Ce matin les journaux sont aussi vides que d’ordinaire, et nous recommençons d’attendre.

Paul Claudel, Lyon

Voyage à Lyon. Conférence à la Salle Molière sur Fr. Jammes avec un grand succès bien qu’enroué. Déjeuné avec Massigli et Pierre Brisson. En rentrant à ma chambre de l’Hotel Terminus je me trouve face à face aec Marion et Pierre ! Le lendemain déjeuné chez Henri Rambaud. Quintette d’un nommé Charvériat sur mon poème à Jacques Rivière. Le soir Francis que j’envoie à Vichy (Elle obtient ce qu’elle voulait). Retour à Brangues avec Gérard André. Le 30 retour de Gigette et arrivée de Pierre. Mauvais temps. Le Dr Carrel pour la collaboration. (Donne-moi ta montre et je te donnerai l’heure !)
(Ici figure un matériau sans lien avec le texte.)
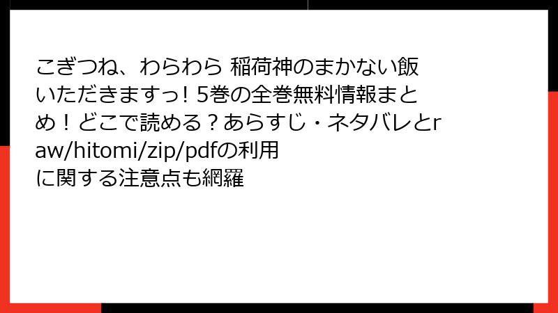 - 『こぎつね、わらわら 稲荷神のまかない飯 いただきますっ!』をraw/hitomi/zip/pdf/漫画バンクで読むリスク大公開! 海賊版の罠にハマる前に知っておくべき全知識
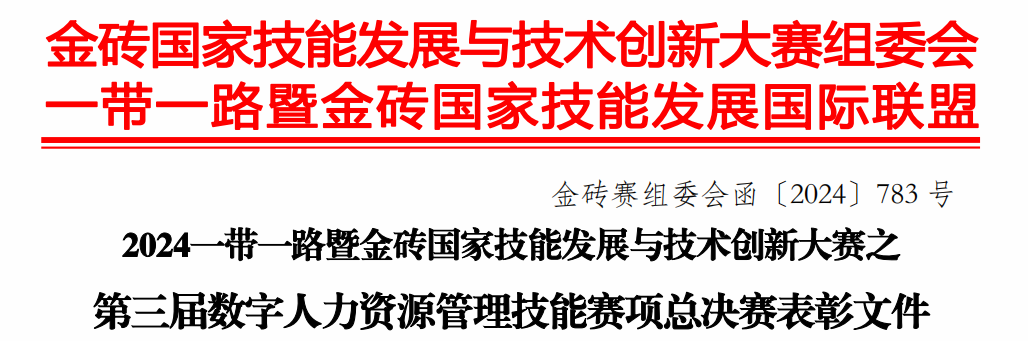 2024年“一带一路”暨金砖国家技能发展与技术创新大赛之第三届数字人力资源管理技能赛项是由金砖国家工商理事会中方理事会、“一带一路”暨金砖国家技能发展国际联盟等单位主办,金砖国家工商理事会技能发展、应用技术与创新中方工作组等单位承办,上海踏瑞科技有限公司提供技术支持的比赛。本次比赛吸引了来自南北方190多所院校,364支队伍参与。公司高度重视此次比赛,在赛前,指导老师与参赛员工积极备赛,进行了系统化培训和训练,投入大量时间准备。在比赛中,公司学子凭借多次熟练的模拟训练和优秀的临场应变能力,出色地完成了比赛,取得较为优异的比赛成绩。此次比赛是对公司数字化人力资源管理人才培养成效的一次有效检验。

Le Diable lèche ses victimes avant de les dévorer.

Roger Martin du Gard

Ai-je jamais noté ce rêve qui aura, quarante ans de suite, poursuivi mon sommeil ? Toujours le même, avec de légères variantes : j’ai, dans quelques jours, un examen éliminatoire à passer à l’Ecole des chartes, et je me sais absolument incapable d’y réussir ; je n’ai pas suivi les cours, je n’ai pas ouvert mes livres, j’ignore tout d’un ensemble difficile de matières ardues… Quelle que soit ma tardive bonne volonté, il est littéralement impossible que je rattrape le semestre que j’ai gaspillé à faire autre chose que mes études, à lire, à écrire, à vadrouiller dans Paris, à voir des amis… L’échéance approche, je vais être refusé, chassé de l’Ecole, et je n’aperçois aucun moyen d’échapper à cette catastrophe !… Je me réveille, oppressé, angoissé… Et c’est une joie délirante, en reprenant conscience, de constater que c’était un cauchemar, que je suis un homme fait, délivré à jamais des examens scolaires !
Il n’y a pas d’année où je n’aie pas fait ce rêve de panique depuis quarante ans. Je l’ai fait cette nuit. C’est particulièrement à l’approche du printemps que ce cauchemar hante mes nuits. Comme si l’arrivée de la belle saison était pour moi indissolublement lié à cette épouvante de l’examen à subir. J’ai réellement subi cette épouvante annuelle entre ma dix-septième et ma vingt-cinquième année : elle a terriblement empoisonné chaque printemps de mon adolescence, et a laissé dans mon subconscient une empreinte indélébile !

Bertolt Brecht, Helsinki

Au milieu de tout le remue-ménage pour les visas et les possibilités de voyage, je travaille obstinément à la nouvelle histoire de gangster. Ne manque plus que la dernière scène. L’effet de la double distanciation – milieu de gangster et grand style – est difficile à prévoir. Egalement celui de l’exposition de formes classiques comme la scène dans le jardin de Marthe Schwertlein et la scène de demande en mariage du roi Richard III.

Les connaissances de Steff sur les collusions entre le monde des gangsters et l’administration font mon profit.